The police force, which was disarmed in 2003, has been entirely rebuilt with the help of the Australian-led Regional Assistance Mission to the Solomon Islands (RAMSI), which launched that year. Mostyn Mangau became the first locally appointed police commissioner in 19 years when he took the post in 2020.
In the wake of the November 2021 riots, Chinese police were deployed in March 2022 to train Solomon Islands police officers in combat skills and emergency crowd management. The unpublished security agreement reached with China in April 2022 reportedly allows for the deployment of Chinese armed police to help control disturbances in the country and protect foreign-owned capital assets.
|Do laws, policies, and practices guarantee equal treatment of various segments of the population?||2.002 4.004|
The constitution prohibits discrimination based on race, place of origin, sex, and some other categories, but the legal framework does not provide robust protections. De facto discrimination limits economic opportunities for women. Same-sex sexual activity can be punished with up to 14 years’ imprisonment. While cases are reportedly rare, the government has resisted international pressure to decriminalize such activity.
Discrimination based on regional differences also remains a factor. The Guadalcanal Plains Palm Oil Ltd. (GPPOL) operation on northern Guadalcanal, one of the country’s biggest employers, avoids employing laborers from Malaita, even on a casual basis, for fear of antagonizing local communities.
Ethnic Chinese residents also face discrimination. Businesses and buildings owned or operated by ethnic Chinese were targeted during the unrest following Sogavare’s appointment in 2019, while Honiara’s Chinatown was largely destroyed during the November 2021 riots.
|Do individuals enjoy freedom of movement, including the ability to change their place of residence, employment, or education?||3.003 4.004|
Residents generally enjoy freedom of movement, but some impediments exist, particularly in parts of rural Guadalcanal where people from Malaita were expelled during unrest in 1999–2000. Hostility to Malaitan settlement also persists in parts of Western Province.

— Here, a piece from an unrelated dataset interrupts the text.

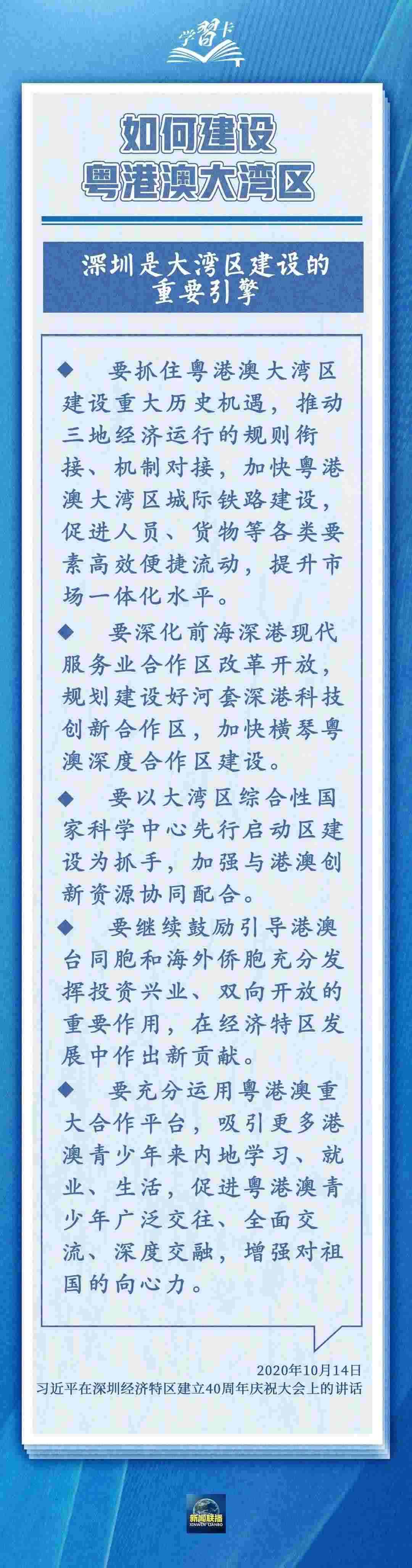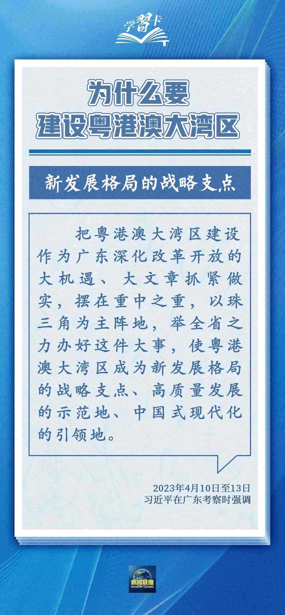 建設(shè)粵港澳大灣區(qū),是習(xí)近平總書記親自謀劃、親自部署、親自推動的重大國家戰(zhàn)略。2024年是《粵港澳大灣區(qū)發(fā)展規(guī)劃綱要》頒布實施5周年,習(xí)近平總書記在多個場合對推進粵港澳大灣區(qū)建設(shè)作出重要指示。
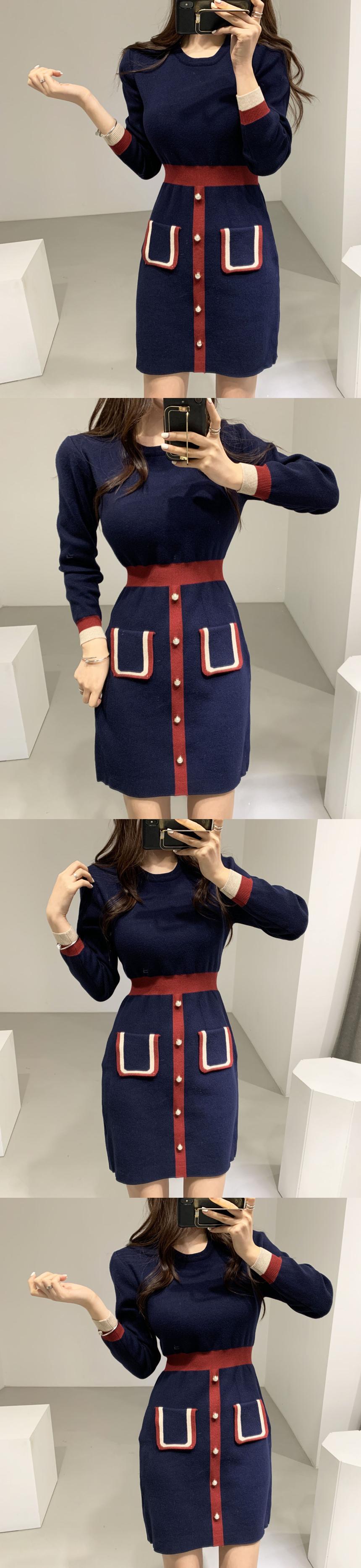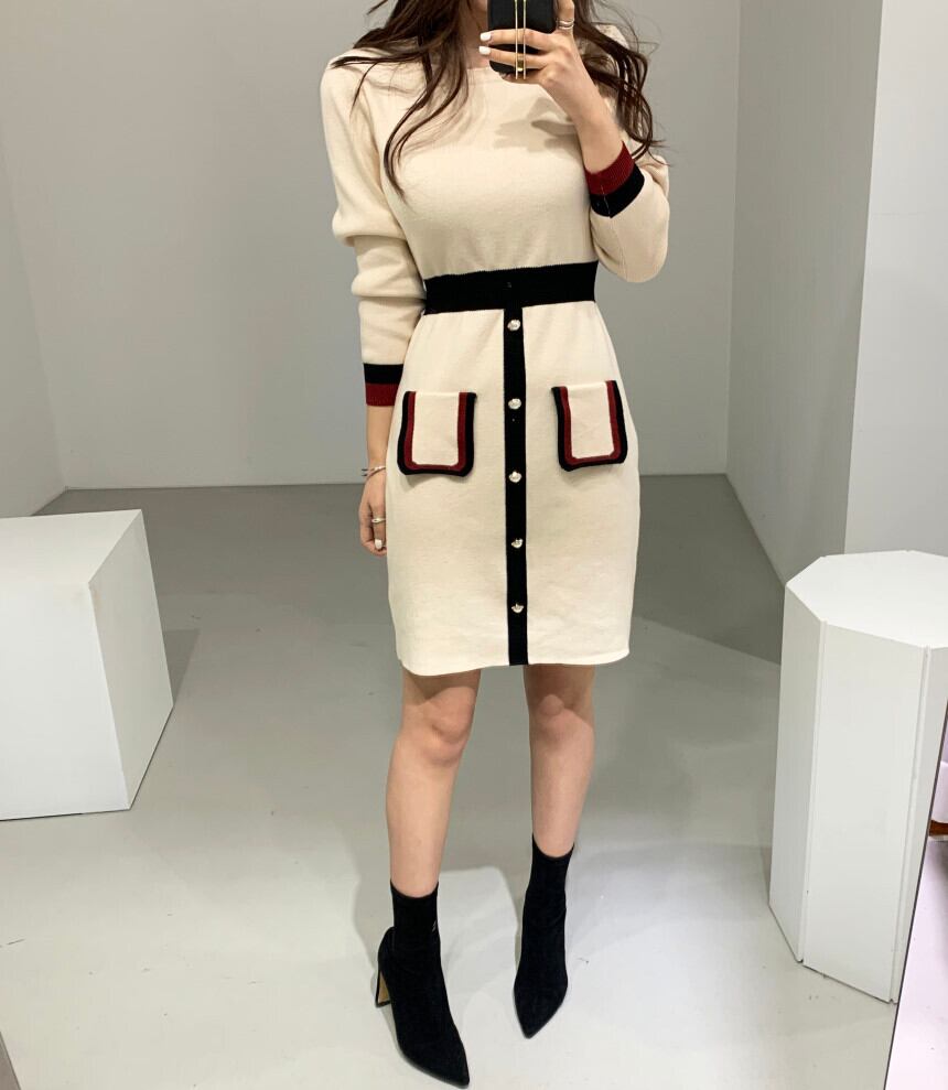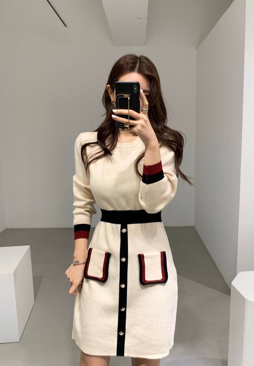 シックなレトロワイルドラウンドネックパッチフェイクポケットデコレーションスリムスリムハイウエストミッドセクションニットドレス 韓国婦人53532477597

|Are individuals able to exercise the right to own property and establish private businesses without undue interference from state or nonstate actors?||3.003 4.004|
The legal and regulatory framework largely supports property ownership and private business activity. However, property rights are frequently contested. GPPOL administrative buildings have been attacked in the past. Logging concessions have been disputed by local groups, as have tourism operations.
In 2020, Prime Minister Sogavare voiced his intention to restrict the sale of land to foreign buyers and bolster Indigenous land rights via constitutional amendments.
|Do individuals enjoy personal social freedoms, including choice of marriage partner and size of family, protection from domestic violence, and control over appearance?||3.003 4.004|
Individual freedoms on personal status issues such as marriage and divorce are generally protected. However, the legal age of marriage is 15, and about a fifth of women are married by age 18. Despite the 2014 Family Protection Act, which formally criminalized domestic violence and enabled victims to apply for protection orders, domestic violence and rape are serious and underreported problems. Victims are reluctant to take their cases to court.
|Do individuals enjoy equality of opportunity and freedom from economic exploitation?||3.003 4.004|
Legal protections against exploitative working conditions are not consistently enforced, though authorities have made efforts to update and implement laws against human trafficking in recent years. Local and foreign women and children are vulnerable to sex trafficking and domestic servitude, including through forced marriages or “adoptions” to pay off debts. Migrant workers sometimes face forced labor in the mining, logging, and fishing industries.